Heute ist Leben im Ökodorf – an manchen Stellen wird gerade gebaut, andere Bewohner haben es sich schon lange gemütlich gemacht und leben im fertigen Haus mit hübsch angelegten Garten. Es gibt junge Familien, ältere Ehepaare und Häuser, in denen gleich vier Generationen einer Familie wohnen. Alle haben sich einverstanden erklärt, sich an bestimmte Vorgaben zu halten. Diese betreffen zum Beispiel das Parken: Alle Autos werden außerhalb des Dorfes geparkt. Die Garagen und Stellplätze finden sich gesammelt an den verschiedenen Enden der Siedlung, auch für Besucher. Auf den Grundstücken selbst können keine Parkmöglichkeiten errichtet werden. Zum Ein- und Ausladen darf natürlich jeder Ökodorf-Bewohner bis an die Haustür fahren.

Nachhaltige Baustoffe sind verpflichtend

Damit das Ökodorf seinen Namen wirklich verdient, mussten alle Grundstückskäufer sich vertraglich verpflichten, mit nachhaltigen Materialien zu bauen. Holz und Ziegel sind möglich, allerdings keine Wärmedämmverbundsysteme und auch keine Kunststofffenster. Ein gemeinsames Wärmenetz ließ sich nicht umsetzen, nun nutzen viele Häuser Solarenergie. Elektrosmog soll möglichst vermieden werden, darum haben die Anwohner kein WLAN oder schnurlose Telefone. Baubiologen helfen den Bauwilligen, diese Dinge ohne Komfortverlust entsprechend zu planen. Man merkt den Unterschied, in der Luft, beim Schlafen, bestätigen die Anwohner.

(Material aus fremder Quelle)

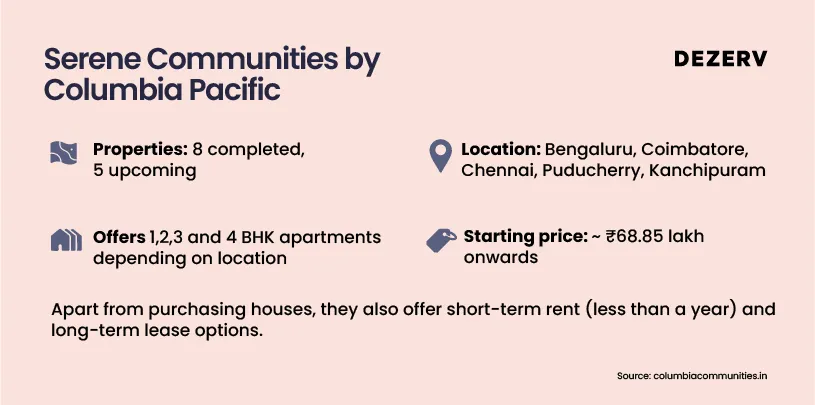 With multiple operational communities across cities like Bengaluru, Chennai, and Pune, Serene Communities by Columbia Pacific is the largest senior living provider in India. Their projects are strategically located in urban areas, offering convenience and comfort.
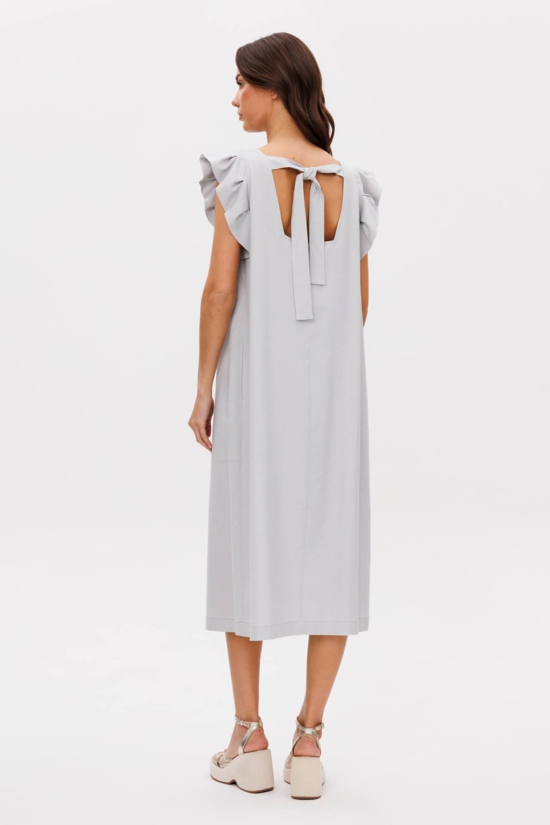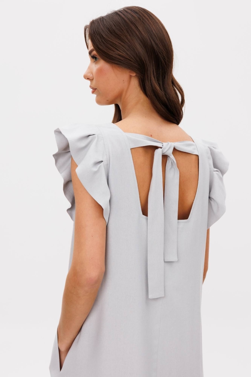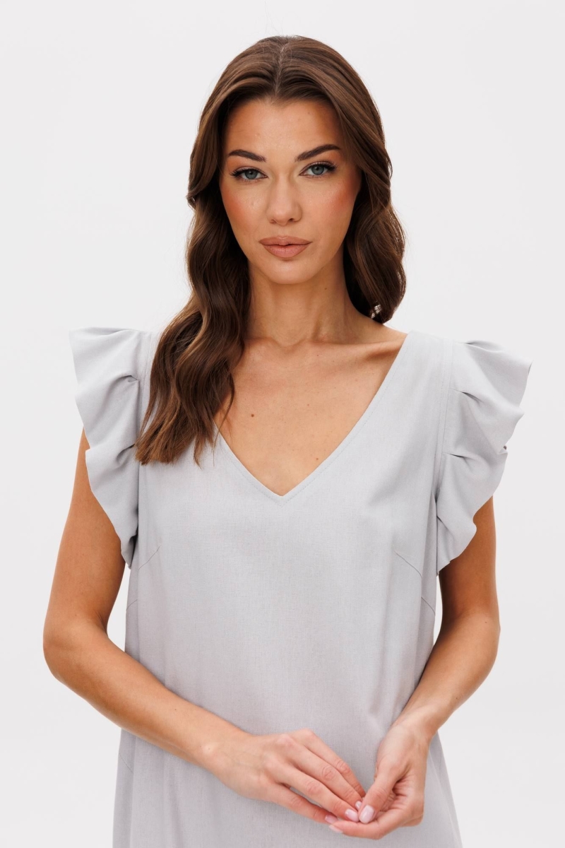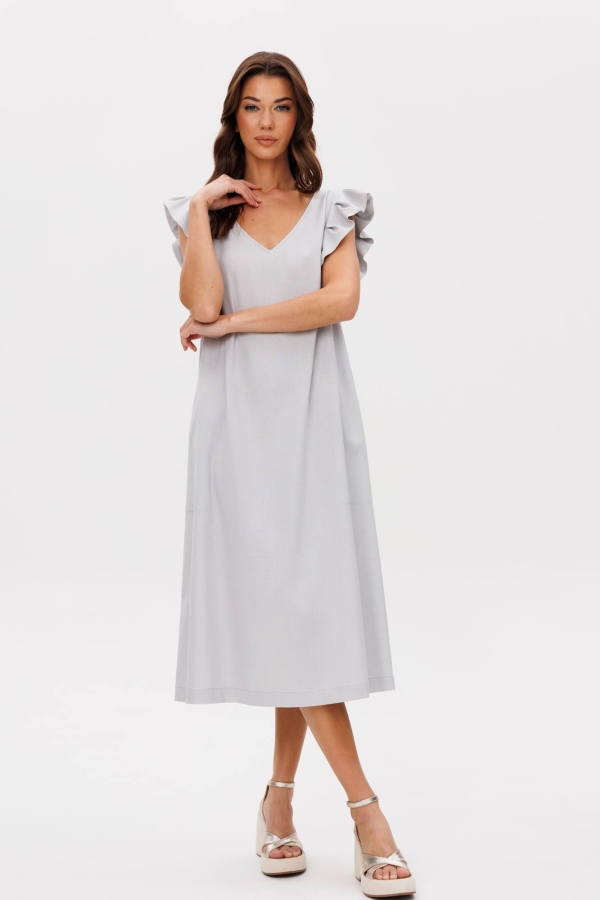 Лето идеальное время обновить гардероб и добавить в него легкость, свободу и женственность. Наше новое льняное платье-символ легкости и безупречности, оно словно создано для того, чтобы подчеркнуть вашу индивидуальность. Свободный А-силуэт, изящный V-образный вырез, романтичное крылышко, комфортная длина миди. Полочка с нагрудной вытачкой и карманом в боковом шве. Спинка со средним швом, вырезом каре и эффектной завязкой, удерживающей линию горловины. Длина платья около 114 см.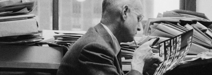 Henri Cartier-Bresson negli uffici Magnum di New York, 1959 © René Burri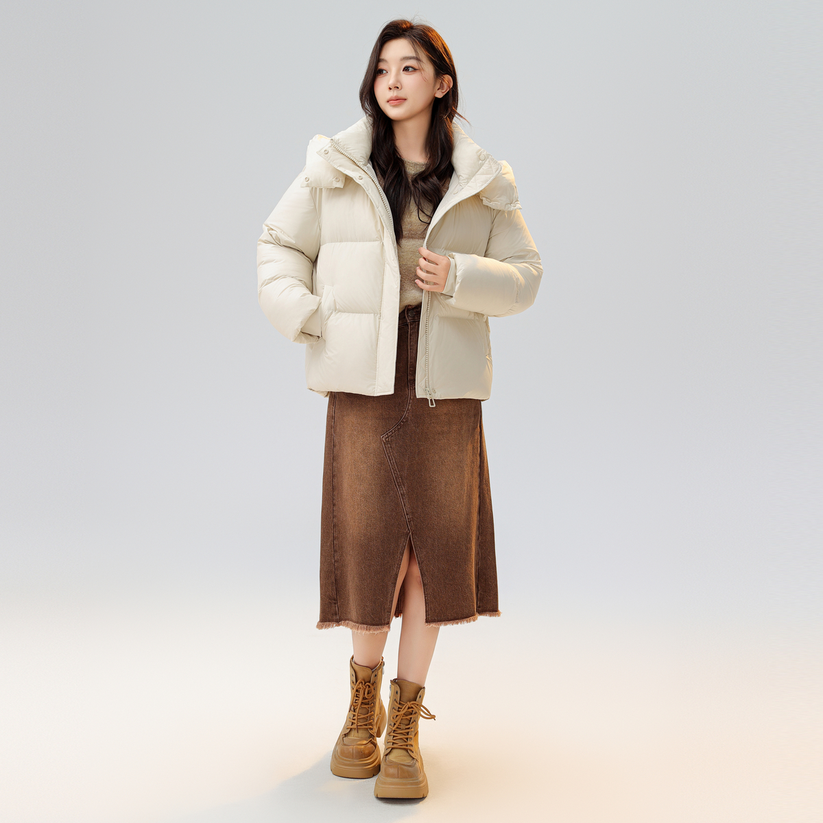 泡芙通勤时尚 羽绒服女小个子款 简约面包服 短款 雪中飞2025冬新款

Dorfplatz des Ökodorfs Erlenweide mit Dorfbank.

Die Bank am Dorfplatz ist zugleich ein Symbol dafür, dass nicht nur ökologische Gedanken, sondern auch das Gemeinschaftsgefühl in dem Vorzeigeprojekt gepflegt werden. Foto: Karin Polz

Neben der ökologischen Ausrichtung sollte auch die Bereitschaft da sein, sich in die Gemeinschaft einzubringen. Dafür gibt es zum Beispiel ein Dorf-Bankerl, auch ein Gemeinschaftsgarten und ein Gemeinschaftshaus standen von Anfang an auf der Wunschliste der Initiatoren. „Das Ökodorf arbeitet den ursprünglichen Charakter des Wohnens wieder heraus, diesen dörflichen Charakter, den sozialen Zusammenhalt“, lobt Salzwegs Bürgermeister Josef Putz. Offenbar hatten aber gerade am Anfang des Projekts vor allem Auswärtige Gefallen an der Idee gefunden: Aus München, aus Franken und noch weiter weg kamen Anfragen. Die Einheimischen haben erst später nachgezogen, jetzt siedeln sich auch Waldkirchener und Passauer in Straßkirchens Vorzeigesiedlung Nummer eins an, die mittlerweile komplett ist. Nur eine Eigentumswohnung ist derzeit noch frei.